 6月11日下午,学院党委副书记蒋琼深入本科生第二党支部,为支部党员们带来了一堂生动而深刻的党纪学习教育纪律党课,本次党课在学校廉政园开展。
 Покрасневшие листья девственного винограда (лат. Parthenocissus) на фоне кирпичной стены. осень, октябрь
--
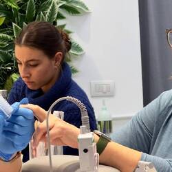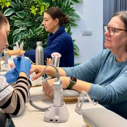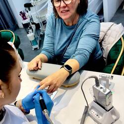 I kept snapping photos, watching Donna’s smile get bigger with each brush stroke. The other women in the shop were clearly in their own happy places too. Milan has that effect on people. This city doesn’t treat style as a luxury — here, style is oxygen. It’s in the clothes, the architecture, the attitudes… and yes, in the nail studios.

→ **WORK ORDER**
With the line that has "6月11日下午,学院党委副书" as the first and the line that has "Покрасневшие листья девственного" as the last, repeat exactly that run of lines above and no more.

→ **SOLUTION TO THE PROBLEM**
 6月11日下午,学院党委副书记蒋琼深入本科生第二党支部,为支部党员们带来了一堂生动而深刻的党纪学习教育纪律党课,本次党课在学校廉政园开展。
 Покрасневшие листья девственного винограда (лат. Parthenocissus) на фоне кирпичной стены. осень, октябрь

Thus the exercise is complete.